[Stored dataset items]
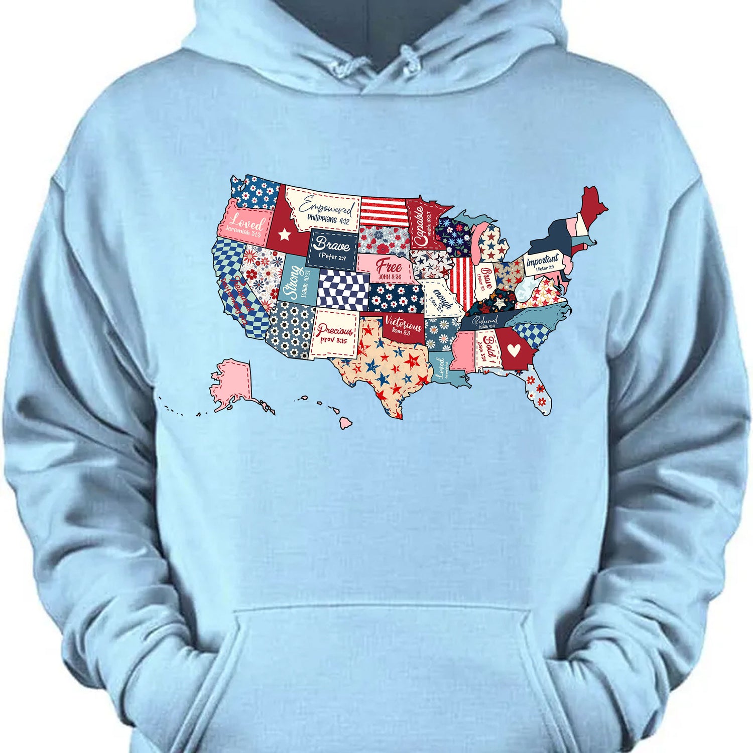 Show your love for the USA with this uniquely designed patriotic T-shirt featuring a vibrant quilt-style map of the United States. Each state is rendered in its own Americana-themed patch, complete with stars, stripes, and uplifting words like “Brave,” “Free,” “Loved,” “Hope,” “Honor,” and “Independence.” Perfect for 4th of July parades, BBQs, Memorial Day, or just showing off your American pride all year long.
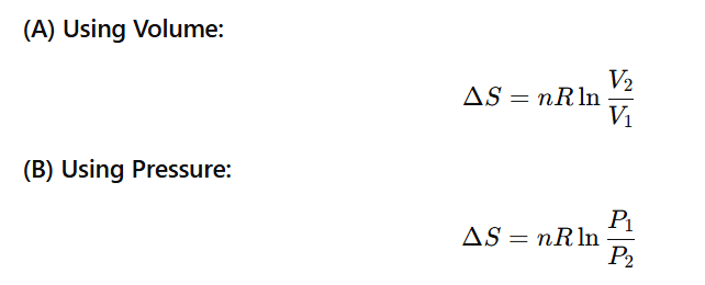 ALL FORMULAS OF ENTROPY CHANGE (ΔS)
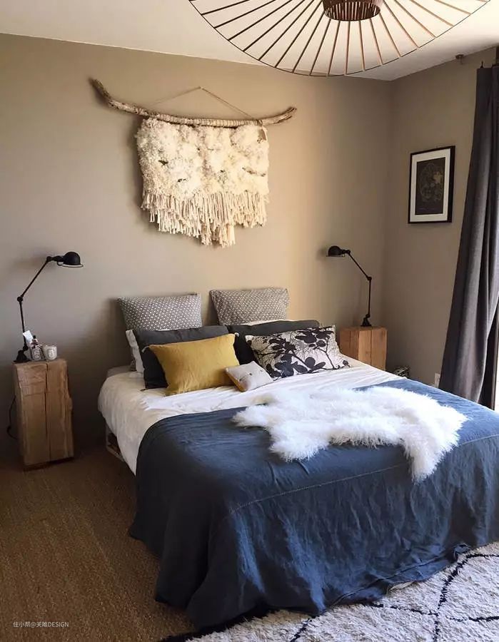 这种装饰的好地方是床上方的墙壁,可以轻松获得一个舒适的睡眠场所,让人轻松忘记压力。
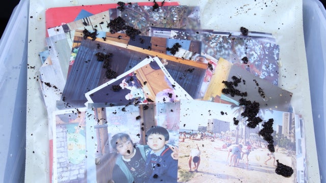 日頃から貴重品や残しておきたい品を「思い出キーパー」に入れて保管し、万一の時には家に置いたまま避難しても土砂や水から守り、後に見つけたときに中身は元のままの状態です。
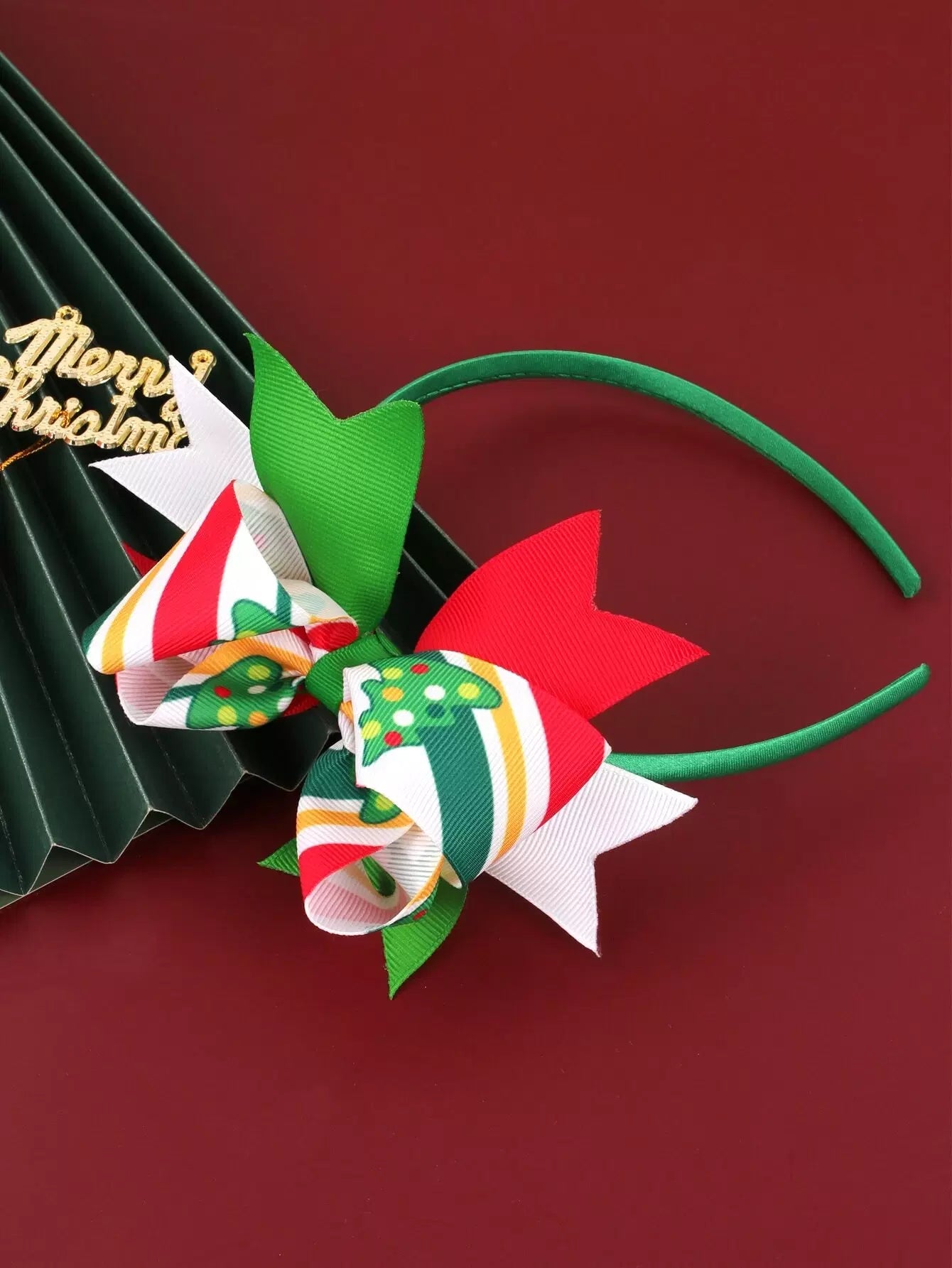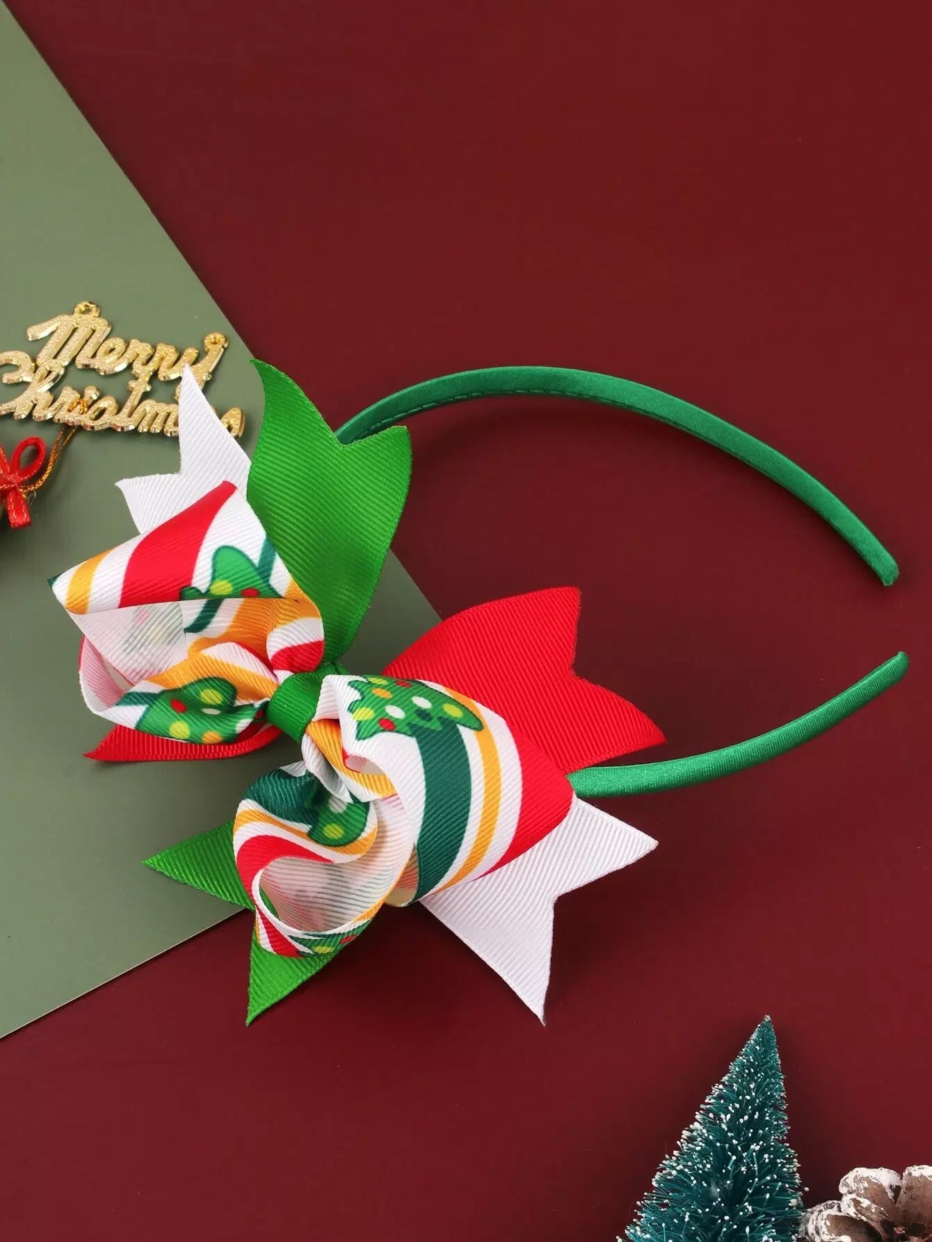 Girls Christmas Pattern Bow Decor Headband
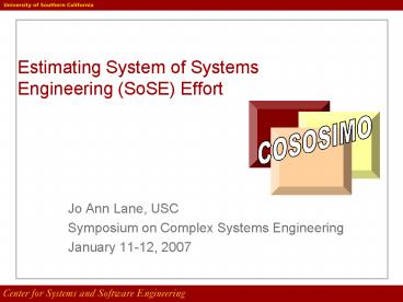 <Notice: Removed> Estimating System of Systems Engineering (SoSE) Effort PowerPoint PPT Presentation

Assignment >> The finished copy should match the data above word for word and contain no pictures.

Answer for this exercise >>
 Show your love for the USA with this uniquely designed patriotic T-shirt featuring a vibrant quilt-style map of the United States. Each state is rendered in its own Americana-themed patch, complete with stars, stripes, and uplifting words like “Brave,” “Free,” “Loved,” “Hope,” “Honor,” and “Independence.” Perfect for 4th of July parades, BBQs, Memorial Day, or just showing off your American pride all year long.
 ALL FORMULAS OF ENTROPY CHANGE (ΔS)
 这种装饰的好地方是床上方的墙壁,可以轻松获得一个舒适的睡眠场所,让人轻松忘记压力。
 日頃から貴重品や残しておきたい品を「思い出キーパー」に入れて保管し、万一の時には家に置いたまま避難しても土砂や水から守り、後に見つけたときに中身は元のままの状態です。
 Girls Christmas Pattern Bow Decor Headband
 <Notice: Removed> Estimating System of Systems Engineering (SoSE) Effort PowerPoint PPT Presentation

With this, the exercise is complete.